I'm trying to prove the following proposition:
Let $U\in R^n$ be open, and $f,g\colon U\to R$ be $C^k$ functions, then the Taylor polynomial of $fg$ is computed as $P_{f,a}^k(a+\vec{h})\cdot P_{g,a}^k(a+\vec{h})$ and discarding the terms of degree > $k$, where $P_{f,a}^k(a+\vec{h})$ denotes the degree $k$ Taylor polynomial of $f$ at $a$.
And here's what I've got so far:
$P_{fg,a}^k=\sum_{m=0}^k\sum_{I\in I_n^m}\frac{1}{I!}D_I(fg)(a)$ using the definition of Taylor polynomial of multi-variable functions. ($I=(i_1,i_2,...,i_n)$ and $D_If=D_1^{i_1}D_2^{i_2}...D_n^{i_n}f)$.

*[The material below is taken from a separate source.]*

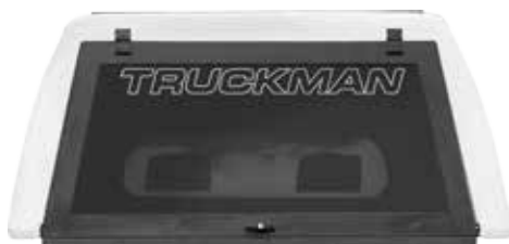
GLASS DOOR (Standard option on Classic)

Then I think $D_I(fg)$ can be written as $D_I(f)g+fD_I(g)$ using the product rule so that $P_{fg,a}^k(a+\vec{h})=P_{f,a}^k(a+\vec{h})\cdot g+f\cdot P_{g,a}^k(a+\vec{h})$
but I can't figure out how this leads to the final result.